Although we identified a role of PTX3 in the pathogenesis of DN, the mechanism remains unclear. According to studies published to date, several mechanisms might be implicated in the process of renal function impairment in T2DM, including endothelial dysfunction and/or chronic low-grade inflammation. Endothelial dysfunction is an important contributor to the development of DN [27,28], as endothelial dysfunction influences mesangial cell and podocyte function and increases the permeability of glomerular basement membrane [27]. Indeed, PTX3 is known to be linked to endothelial dysfunction [29,30], and endothelial dysfunction has been reported to be ameliorated by suppression of PTX3 expression [31]. Given the strong links among PTX3, endothelial dysfunction, and DN, PTX3 may play a role in renal damage through endothelial dysfunction. In addition, inflammatory processes may be a main cause of endothelial dysfunction [32]. PTX3 is produced at sites of inflammation and regulated by stimulation with proinflammatory stimuli (IL-1β and TNF-α) [24] and via the activation of toll-like receptors (TLRs) [22], and via several pathways, including the PI3K/Akt axis and the NF-κB pathway [5]. Moreover, these proinflammatory cytokines and signaling pathways are also known to be crucial for development of DN [33]. On the basis of these findings, we speculate that PTX3 may act as an inflammatory mediator for the process of DN. We are interested in further investigation of the molecular mechanisms underlying the action of PTX3 in the development of DN.

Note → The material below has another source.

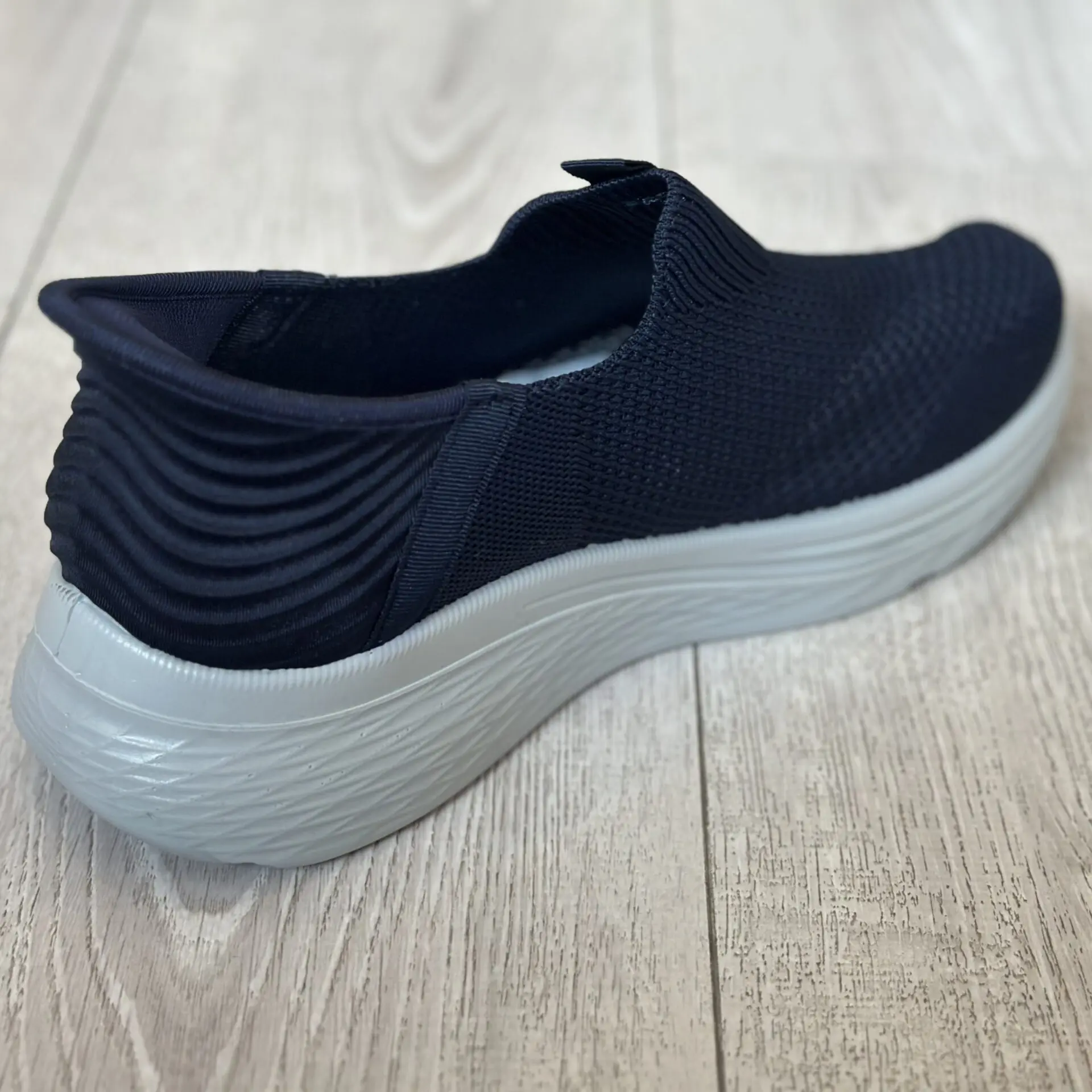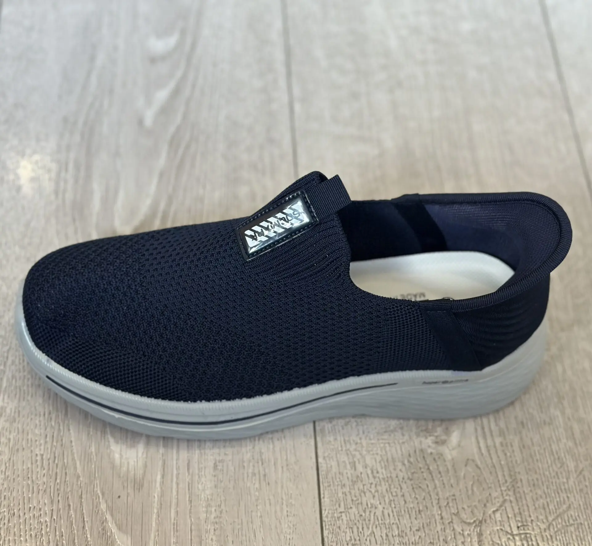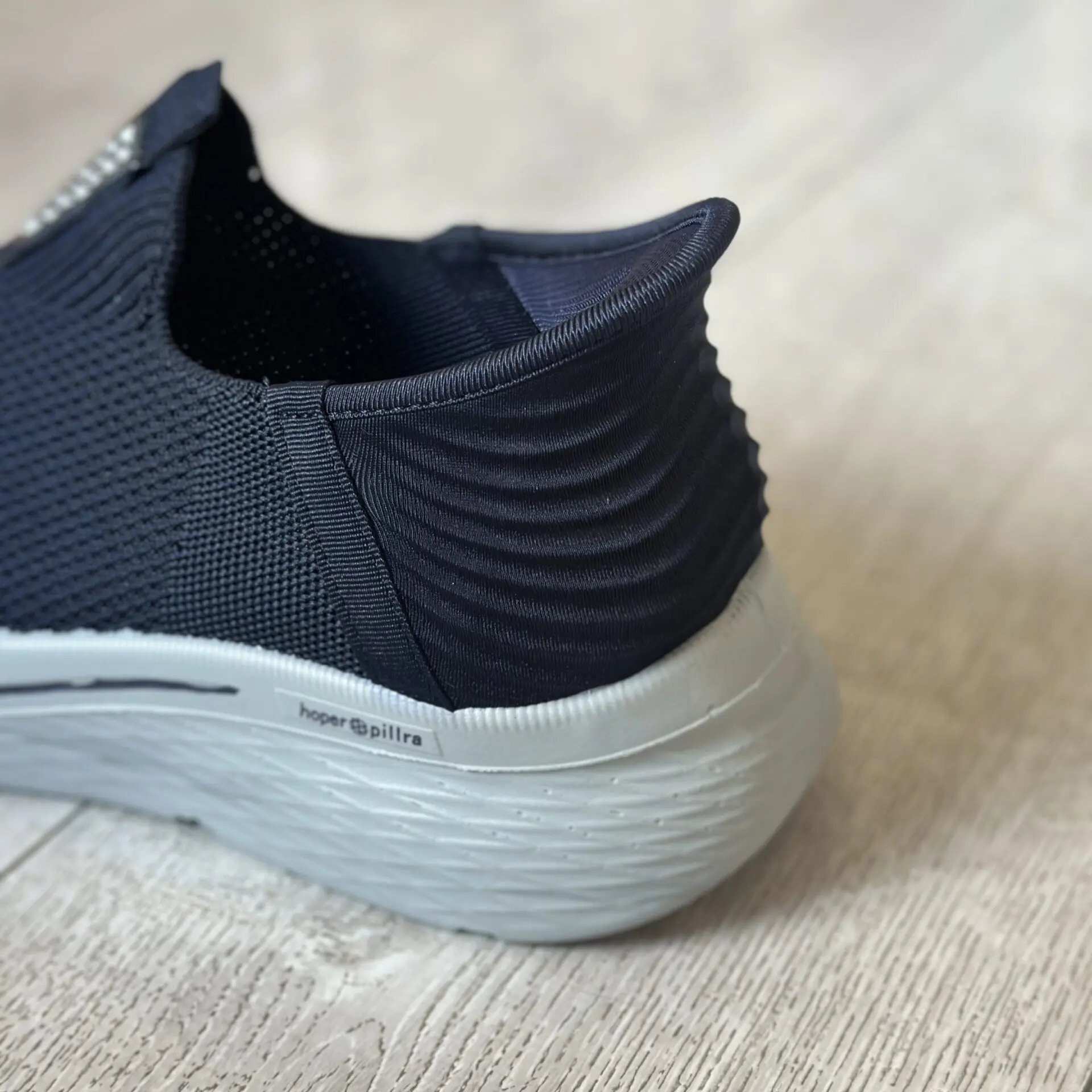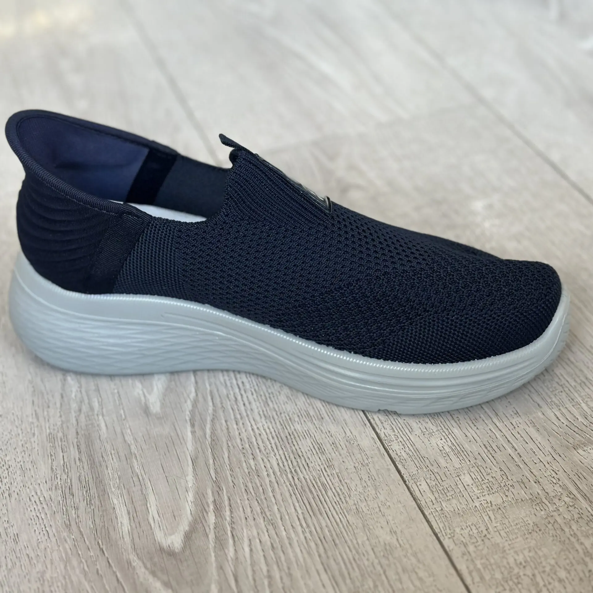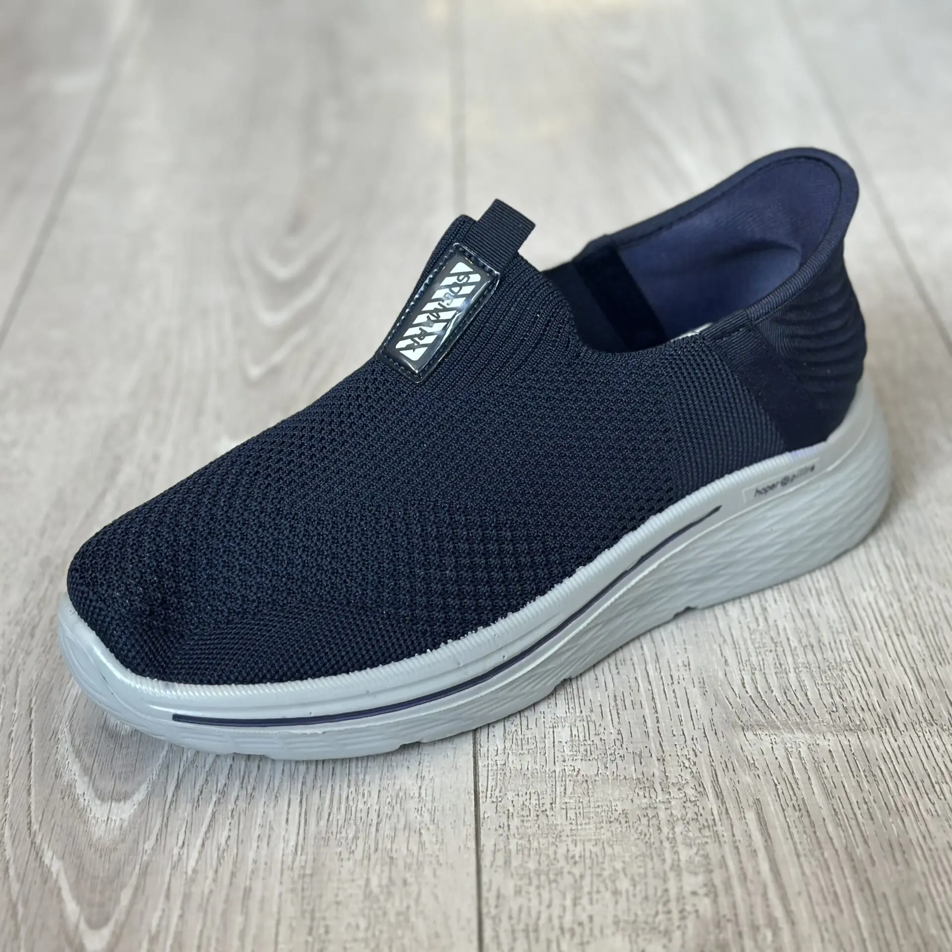 Zapatilla slip-on azul marino, diseñada para ofrecer la máxima comodidad en tu día a día. Su tejido elástico y transpirable se adapta perfectamente al pie, proporcionando una sensación ligera y flexible en cada paso.

Although plasma PTX3 level has previously been shown to be related to insulin resistance [34,35] and insulin secretion [21], we failed to detect a significant association between PTX3 polymorphisms and susceptibility to diabetes mellitus in this population.

Our study had several limitations. First, the sample size was relatively small, and only Chinese individuals were included, which limits the power of our results. Additionally, we did not measure plasma concentrations of PTX3 in these individuals. Thus, further studies in a larger, ethnically diverse population are necessary to elucidate the role of PTX3 in development of DN.

Conclusions

In conclusion, the present study found that certain variants of PTX3 predispose Han Chinese patients with type 2 diabetes to DN.